Start of Block
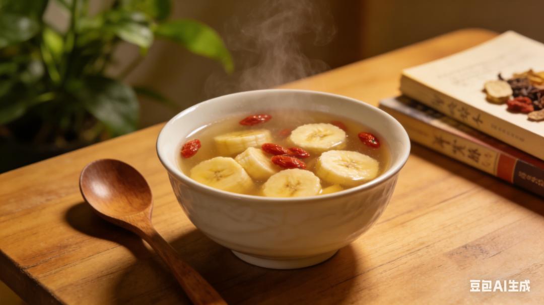 做法:香蕉去皮切成薄片,與枸杞一同下鍋,煮開後轉小火煮10分鐘,根據口味加入適量冰糖即可。
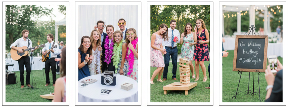 - Lawn Games: Cornhole, oversized Jenga, and ring toss gave guests something to enjoy during cocktail hour or downtime.
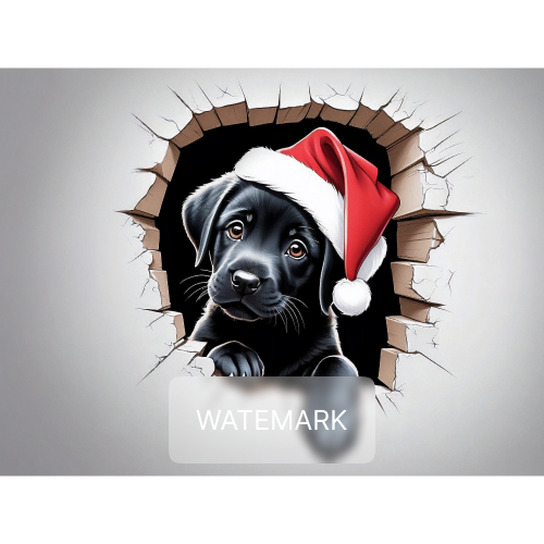 A playful black puppy with soulful eyes peers through a torn paper, sporting a festive Santa hat.
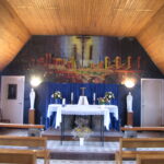 Les statues du Christ, de la Vierge et de ST Jean au dessus de l’autel sont en cerisier de notre jardin. Le chemin de croix a été peint à l’huile sur toiles. Les fresques au dessus de l’autel et des bas cotés, représentent l’usine, les cités ouvrières, un atelier de tréfilerie et la mine. Elles ont été peintes en acrylique ordinaire, sans préparation des murs ! Rien n’a bougé, ni terni, ni moisi, ni écaillé depuis 65 ans !
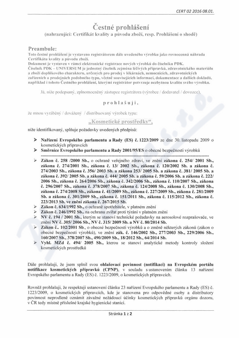 2 strany čestného prohlášení: strana 1, strana 2,
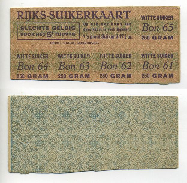 Нидерланды талоны на сахар 1944-1950 бумага 6317-34-1-2
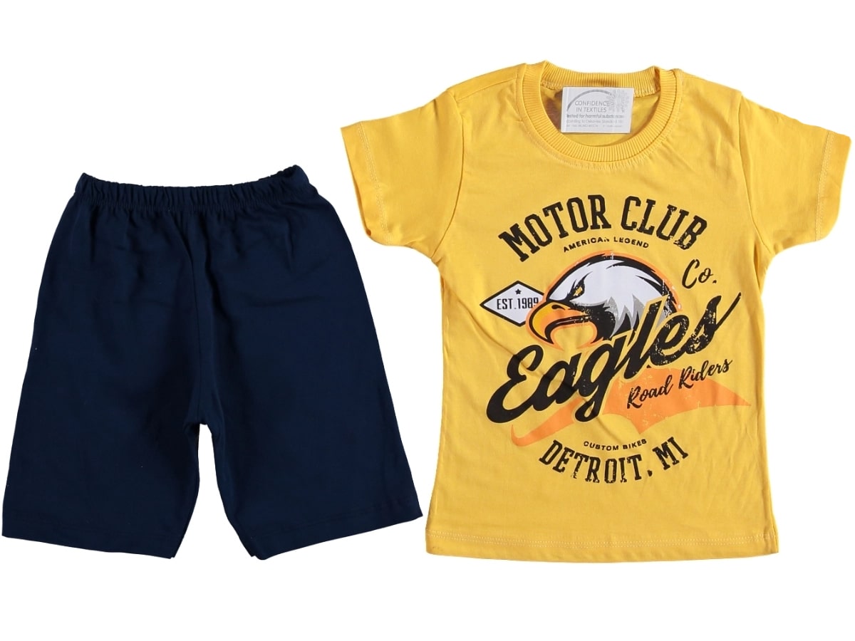 Το σετ αυτό αποτελείται από μία κοντομάνικη μπλουζίτσα και ένα παντελονάκι. Η μπλουζίτσα είναι σε κίτρινο χρώμα και γράφει “Motor Club Eagles”. Η βερμούδα έχει λάστιχο περιμετρικά στη μέση.
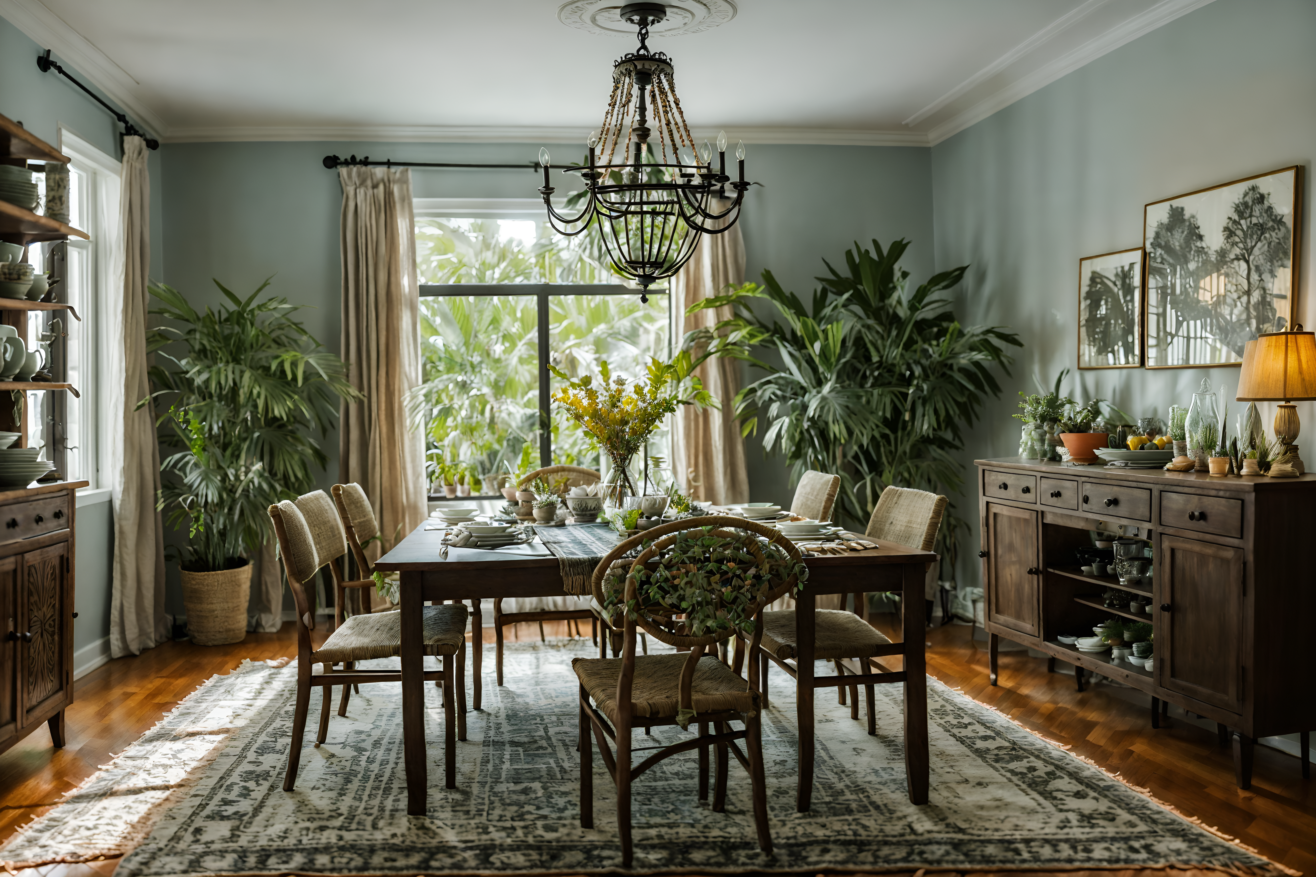 photo from pinterest of boho-chic-style interior designed (dining room interior) with dining table and plant and dining table chairs and painting or photo on wall and bookshelves and plates, cutlery and glasses on dining table and light or chandelier and table cloth cinematic photo, highly detailed, cinematic lighting, ultra-detailed, ultrarealistic, photorealism, 8k. trending on pinterest. boho-chic interior design style. masterpiece, cinematic light, ultrarealistic+, photorealistic+, 8k, raw photo, realistic, sharp focus on eyes, (symmetrical eyes), (intact eyes), hyperrealistic, highest quality, best quality, , highly detailed, masterpiece, best quality, extremely detailed 8k wallpaper, masterpiece, best quality, ultra-detailed, best shadow, detailed background, detailed face, detailed eyes, high contrast, best illumination, detailed face, dulux, caustic, dynamic angle, detailed glow. dramatic lighting. highly detailed, insanely detailed hair, symmetrical, intricate details, professionally retouched, 8k high definition. strong bokeh. award winning photo.
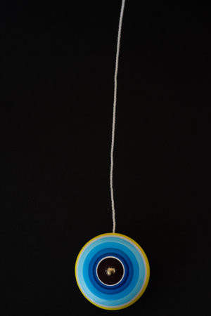 Yo-yo Traditional Mexican wooden handcraft toy, black background
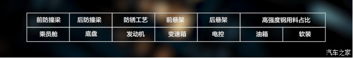 乘员舱:纯平地板、结构左右对称、上纵梁极长紧密连接主纵梁、增加钢制挡板、更好应对偏置碰撞
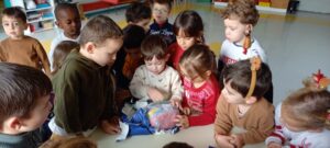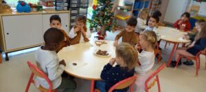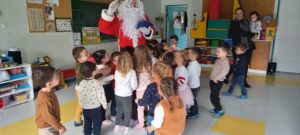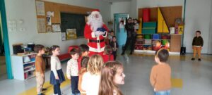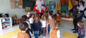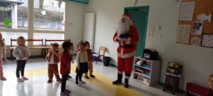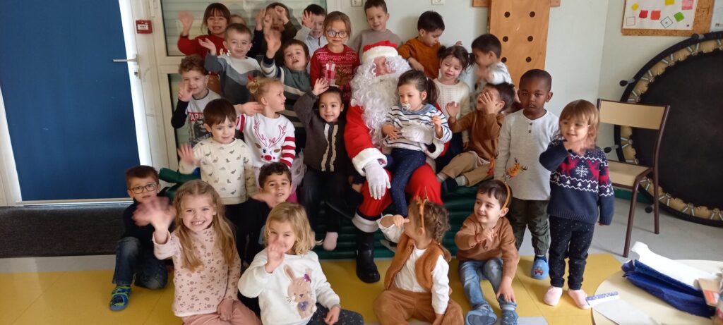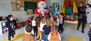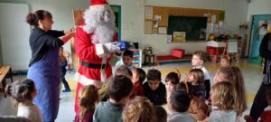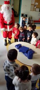 Le Père-Noël est venu nous voir à l’école, il a apporté des cadeaux pour la classe.
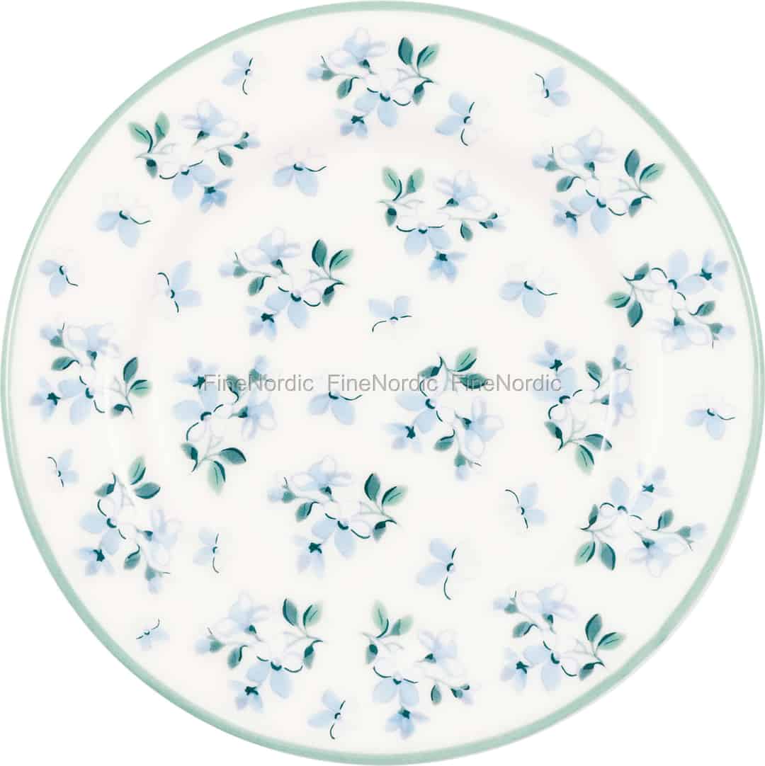 Lassen Sie sich vom kleinen Teller Alaia White von GreenGate in einen friedlichen skandinavischen Garten entführen. Jede hellblaue Blume ist mit einem sanften, malerischen Pinselstrich gestaltet, der ein Gefühl von leichter Bewegung auf der glatten Keramikoberfläche erzeugt. Dies ist nicht nur ein Teller; es ist eine kleine Leinwand, die die stille Freude einer blühenden Wiese einfängt. Der dezente salbeigrüne Rand sorgt für den perfekten Abschluss und erdet das Design mit einem erdigen, natürlichen Ton, der sich sowohl frisch als auch vertraut anfühlt.
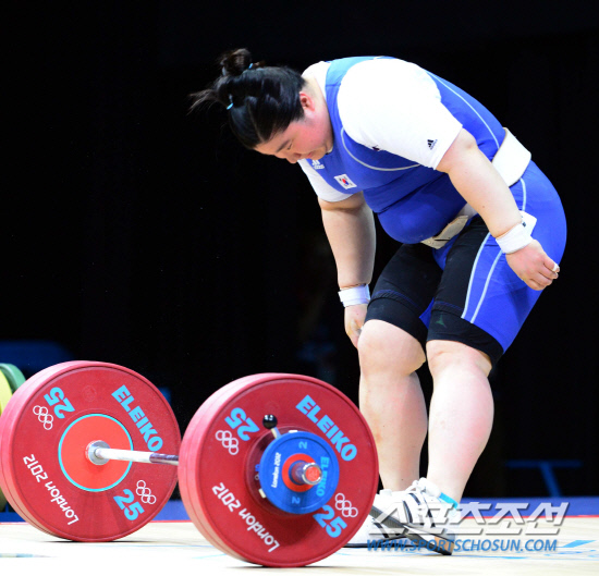 5일(현지시간) 영국 엑셀 런던 사우스 아레나에서 열린 2012런던올림픽 여자 역도 75㎏이상급에 출전해 2회 연속 금메달에 도전하는 장미란이 인상 129kg 도전에 실패하고 있다. 120805.런던=올림픽공동사진기자단E
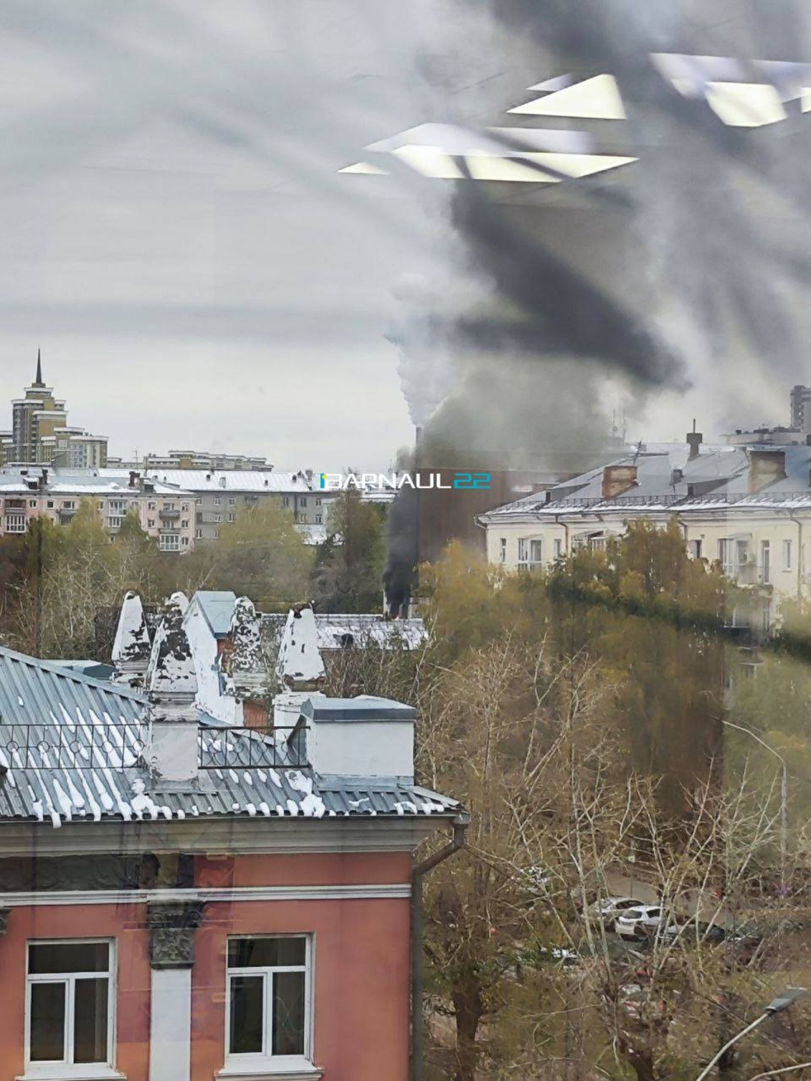 Судя по кадрам с места происшествия, от крыши здания на проспекте Ленина поднимается столб черного дыма. Причины пожара выясняются
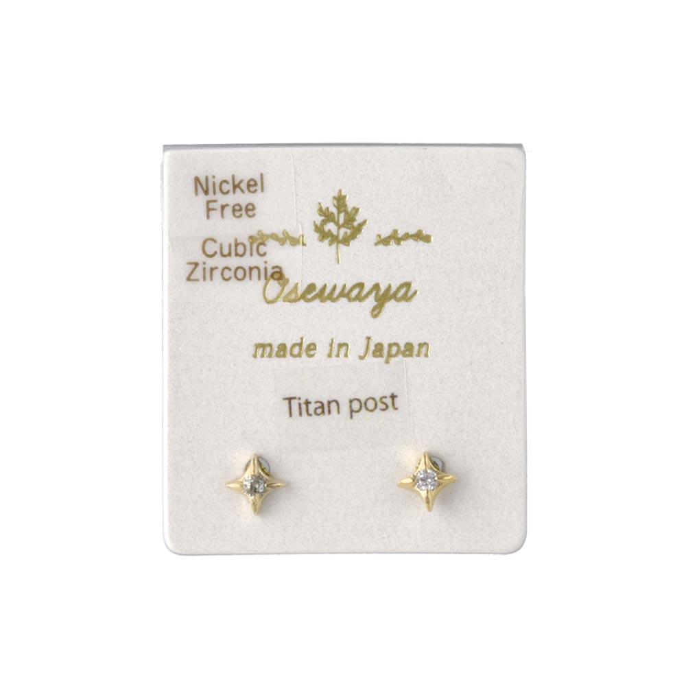 日本製、真鍮、キュービックジルコニア、チタンポスト
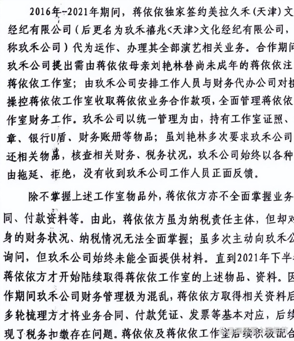 作为童星出道的小明星,蒋依依今天来之不易。现年22岁的她,很难说所报道的事件是否会彻底毁掉她的职业生涯。针对此事,蒋依依工作室发布了解释信。蒋依依承认税务局发出的通知属实,并表示自己已主动缴纳所得税和滞纳金。但对于责任归属,蒋依依工作室表示很冤枉。在解释信中,他们提到了蒋依依与前公司合作的背景。解释信称,2016年至2021年,蒋依依与原公司签订合同,该公司负责其所有演艺相关业务。合作期间,因蒋依依未成年,原公司以此为由要求蒋依依母亲注册成立蒋依依工作室,但财务管理实权一直掌握在原公司手中。蒋依依的母亲试图亲自处理蒋依依的财务和税务问题,但原公司从未给予正面回应,因此他们并不了解蒋依依的纳税情况。直到2021年下半年,蒋依依才陆续获取相关信息,发现扣缴税款问题,并积极配合相关税务机关解决。此外,蒋依依工作室强调,“未提及2019年之前的逃税情况,仍抱有侥幸心理”的说法纯属捏造,没有事实依据。就是用谣言诽谤蒋依依。
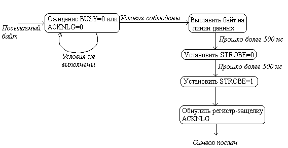 На рисунке 1.6 показана диаграмма процесса передачи информации. Передача ведется по одному байту без контроля ошибок.
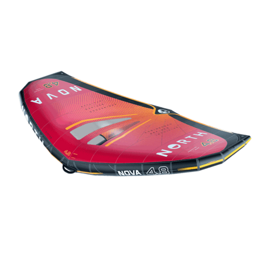 De North Nova wing 6.2 rood 2025 versie nova wing. Hij kenmerkt zich een bijzonder stijf frame, wat zorgt voor een direkt vaargevoel. De wing hecft 1 lange giek(handel)
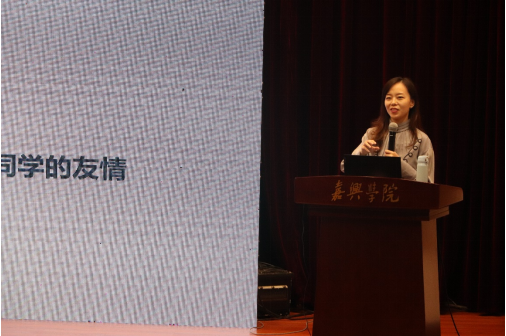 简短的自我介绍之后,刘洋老师开门见山地从生活环境、学习环境、人际环境、语言环境、经济环境五个方面列举了大学生活与高中生活的不同之处,围绕高校新生的常见心理问题,巧妙运用生动形象的事例阐释心理健康知识,用诙谐幽默的语言紧抓全场同学的注意力。最后,通过一段8分钟的视频短片带同学们更深入了解了嘉兴学院心理健康中心的基本情况和预约方式。
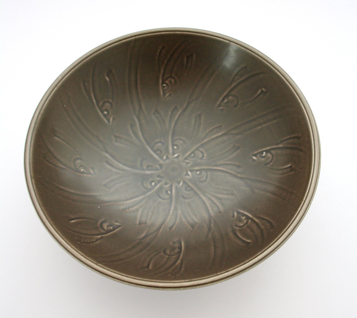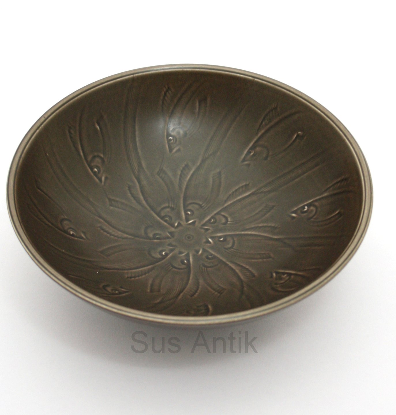 Text zugänglich auf Dänische: Aluminia, Solbjerg kunststengods fra 1934 designet af Nils Thorsson. Brun skål med fisk indridset i selve originalformen. Glasuren er mat. Formnr. 1585. Diameter 18 cm. Højde 6,3 cm.
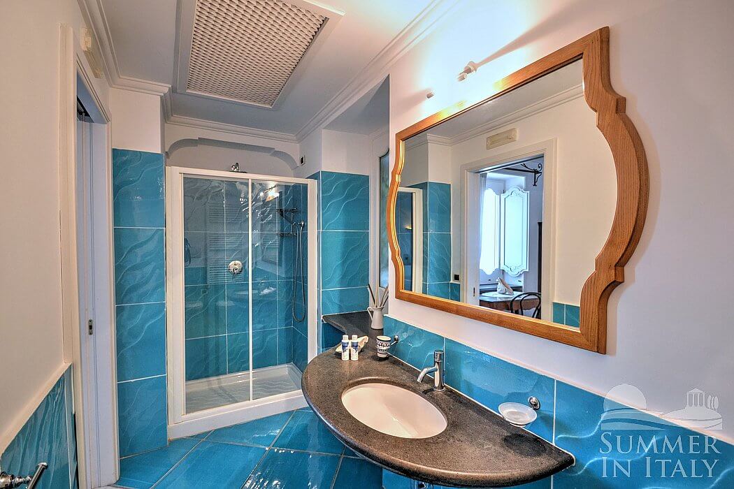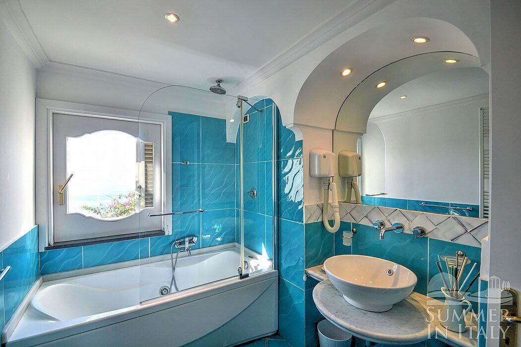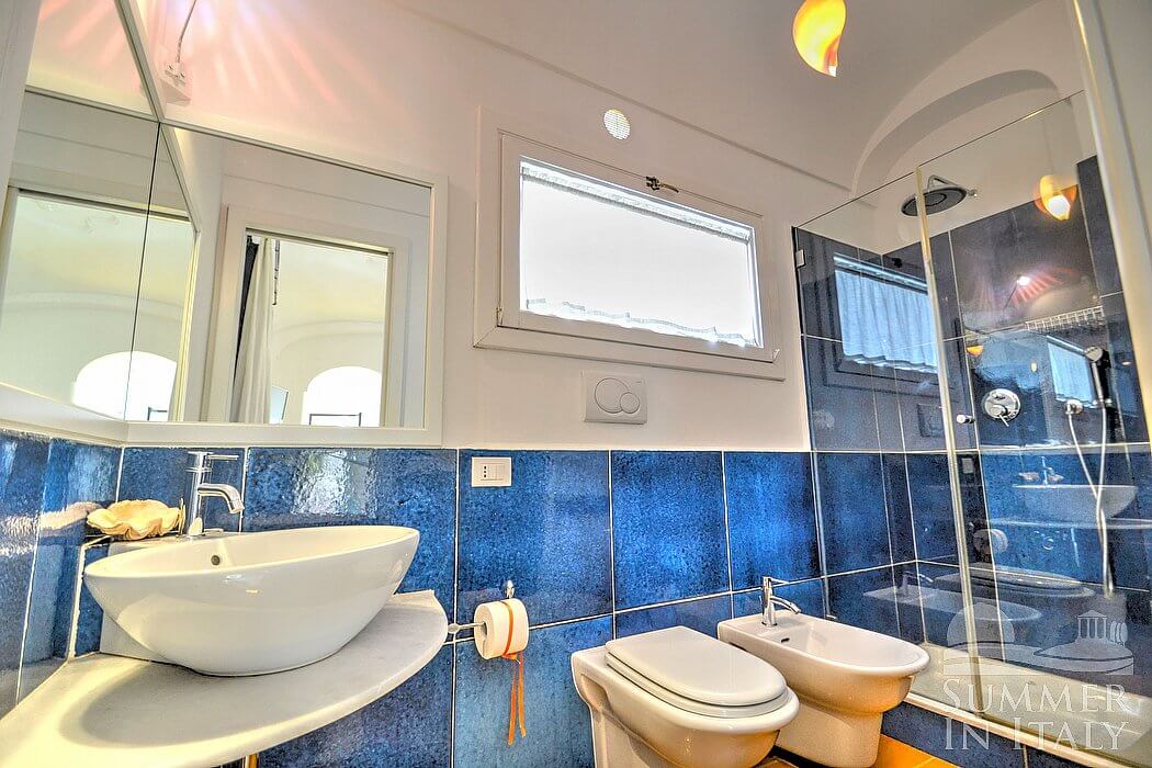 You will be able to enter the second bedroom from the corridor. The floor is paved with lucid sky-blue majolica tiles. The furnishings are elegant and bright, and include some antique pieces. The room has a matrimonial bed (160 cm/63 inches, wider than a queen-size bed), that can be split into twins if requested (please contact our staff in advance to make arrangements). From the bedroom you will be able to enter a terrace with a view of the sea and of the coastline through a French door. The room has a window with a view of the sea and of the coastline. The bedroom is equipped with an air conditioning/heating unit, and you will also find a safe. This bedroom has an en-suite bathroom, spacious and equipped with a washbasin, a toilet, a large fully-enclosed shower and a hairdryer.
End of Block
[Assigned task]:
Pictures aside, print exactly the lines above starting with the one containing "A playful black" and going on through the one containing "Нидерланды талоны на".

[Solution to the problem]:
 A playful black puppy with soulful eyes peers through a torn paper, sporting a festive Santa hat.
 Les statues du Christ, de la Vierge et de ST Jean au dessus de l’autel sont en cerisier de notre jardin. Le chemin de croix a été peint à l’huile sur toiles. Les fresques au dessus de l’autel et des bas cotés, représentent l’usine, les cités ouvrières, un atelier de tréfilerie et la mine. Elles ont été peintes en acrylique ordinaire, sans préparation des murs ! Rien n’a bougé, ni terni, ni moisi, ni écaillé depuis 65 ans !
 2 strany čestného prohlášení: strana 1, strana 2,
 Нидерланды талоны на сахар 1944-1950 бумага 6317-34-1-2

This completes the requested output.